Others are merely depressed and imagine illnesses.  They drink to relieve stress, get depressed, and are put on anti-depressants and Ambien.   One neighbor binge-eats ice cream at night, while in an Ambien stupor - finding the evidence the next morning, but no recollection of having eaten it.   Bizarre.

And then there is the opiate crises.   People show up in the emergency room and demand pain killers - as happened while I was in the fisherman's hospital in the thousand islands.   The fellow next to me complained about back pain, but didn't want any sort of actual treatment, just a script for pills, Doc, I have to get back to work.

The weird thing about the opiate epidemic is that unlike other drug problems in the past (cocaine, crack, heroin, etc.) the drugs are being sold legally through doctors, and then the cost is charged to Obamacare.   We've taken the illegal drug-abuse market and taken it mainstream.    People aren't getting their "fix" from the local drug dealer in a "shooting gallery" but rather at the pharmacy at Wal-Mart in tidy little pills.   Well, at least initially.  It seems most progress to shooting up, over time.

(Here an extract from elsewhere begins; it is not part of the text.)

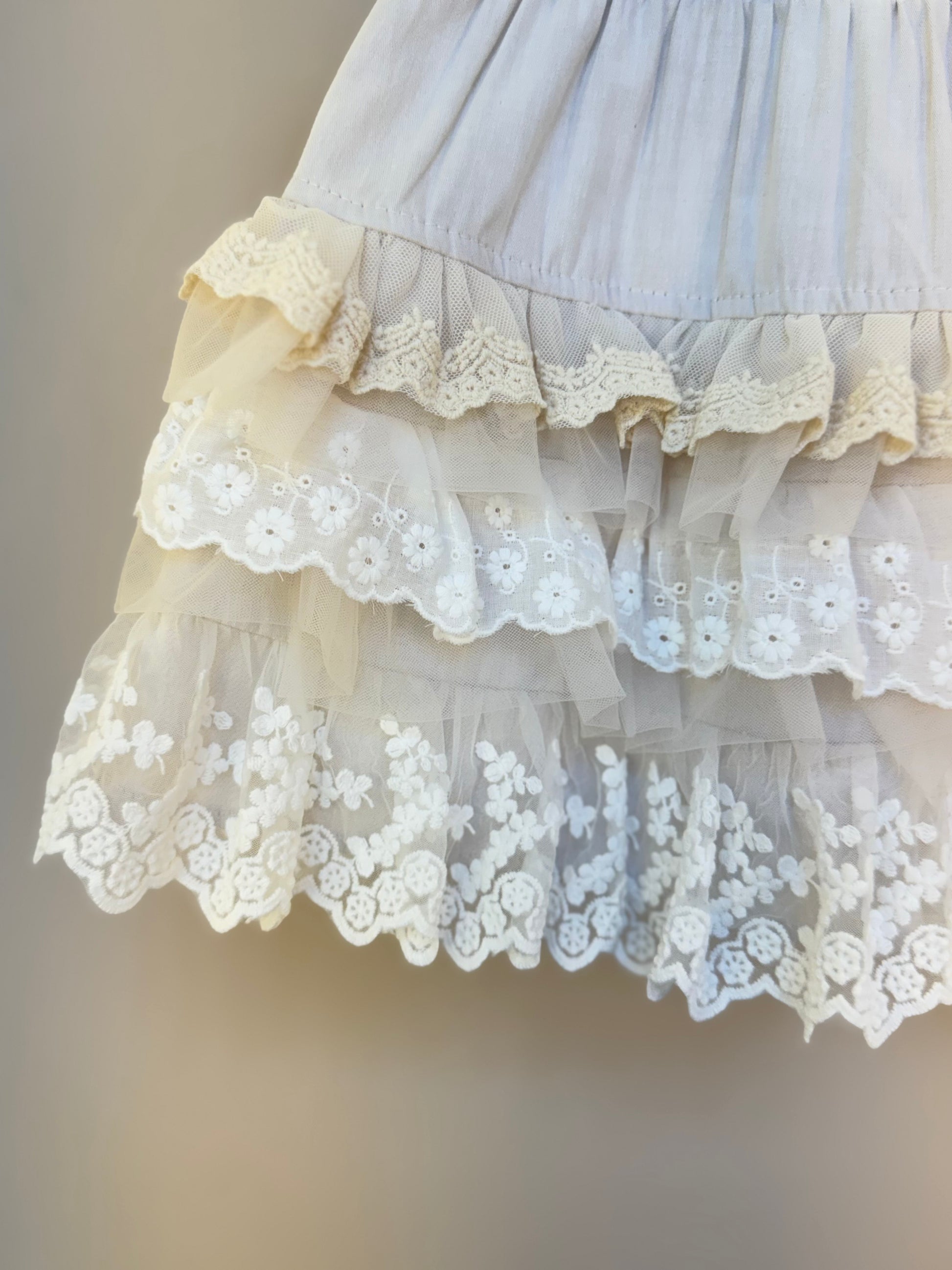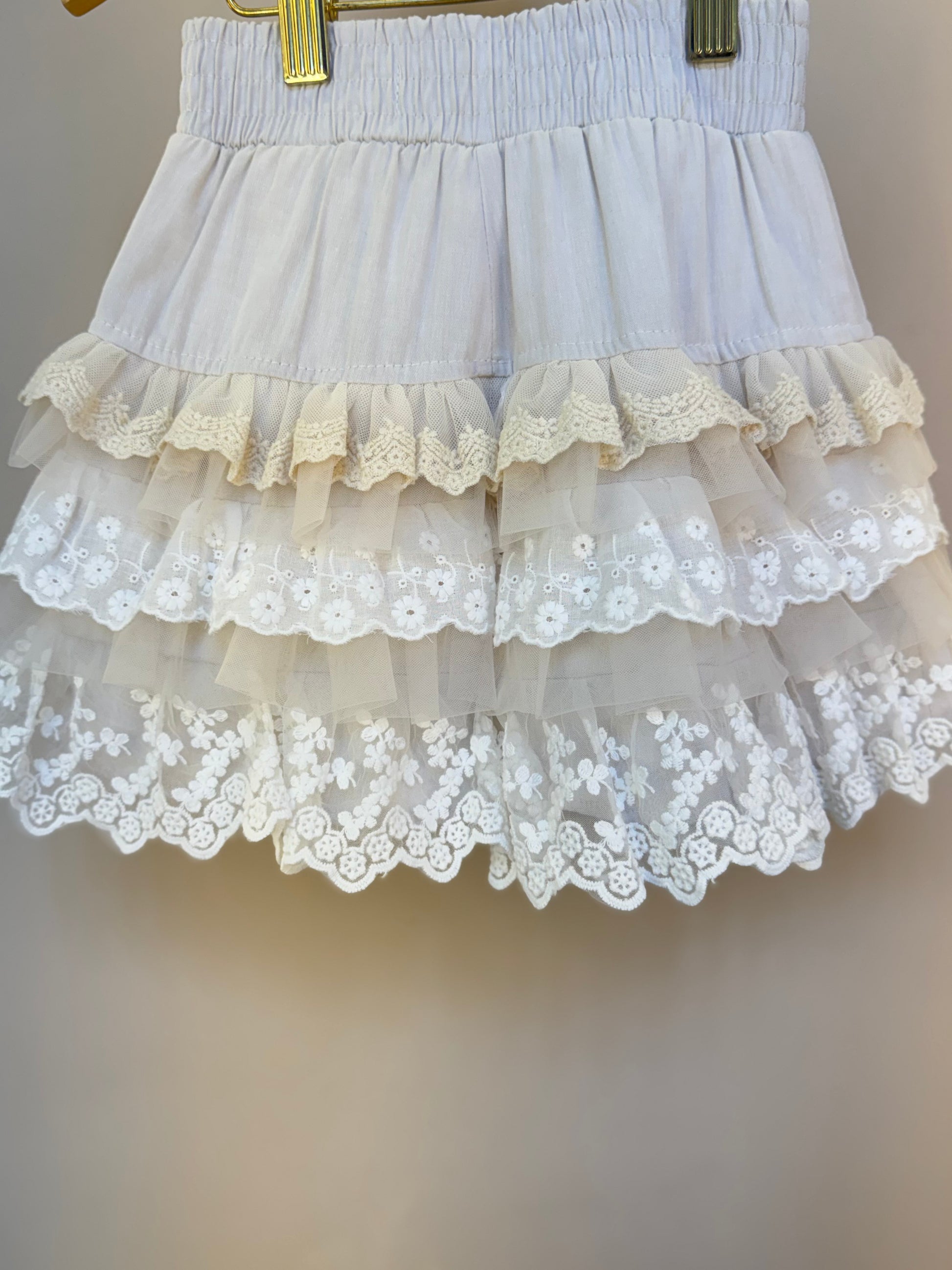 Saia short em algodão com cós elástico, babados sobrepostos e rendinha nas barras. Confortável, fofa e perfeita para looks delicados e autênticos.

The problem with Obamacare was that the plan basically says, "send us the bill" and so doctors and hospitals do just that.  There is no incentive to cost-cut or ration medicine, and indeed to even suggest doing so is to be considered a heartless cruel bastard.

My cardiologist/GP wanted this catheterization deal because he "didn't care about costs" and "never looked at bills".   I certainly did when I wrote that check to him for five grand.   I hope he buys another carbon-fiber bicycle with it.   The deal is, of course, that since I failed the stress test, he had to run the other test, or be accused of malpractice.   If I keeled over dead in the next 1-6 months, my heirs could come after him for not running the catheterization.

The same is true of the emergency room nurse practitioner.   A patient comes in complaining about intestinal pains, well, you'd better be sure you know what is going on.   If my appendix burst and I died, the hospital could be sued.   So it is a "better safe than sorry" kind of deal, but these tests aren't cheap, of course.

And since Obamacare pays - and pays a lot - there is little incentive to cut costs.   In the long-term, these subsidies will probably go away - perhaps sooner rather than later.   And when that happens, well, most Americans can't afford $2000 a month for health insurance, and will allow their plans to lapse.

For those covered under employer health plans, well, now you understand why wages have been stagnant for a decade or more.   They are paying a lot more to employ you these days - you are just not seeing that in terms of your paycheck.  Rather, your benefits, which appear to you to be staying the same (or getting worse) are costing more and more.

Eventually, something has to give.   The health industry is already a huge chunk of our GDP.   If it starts to dominate our economy, well, we will stop actually making things and end up just treating each other for illnesses, real or imaginary.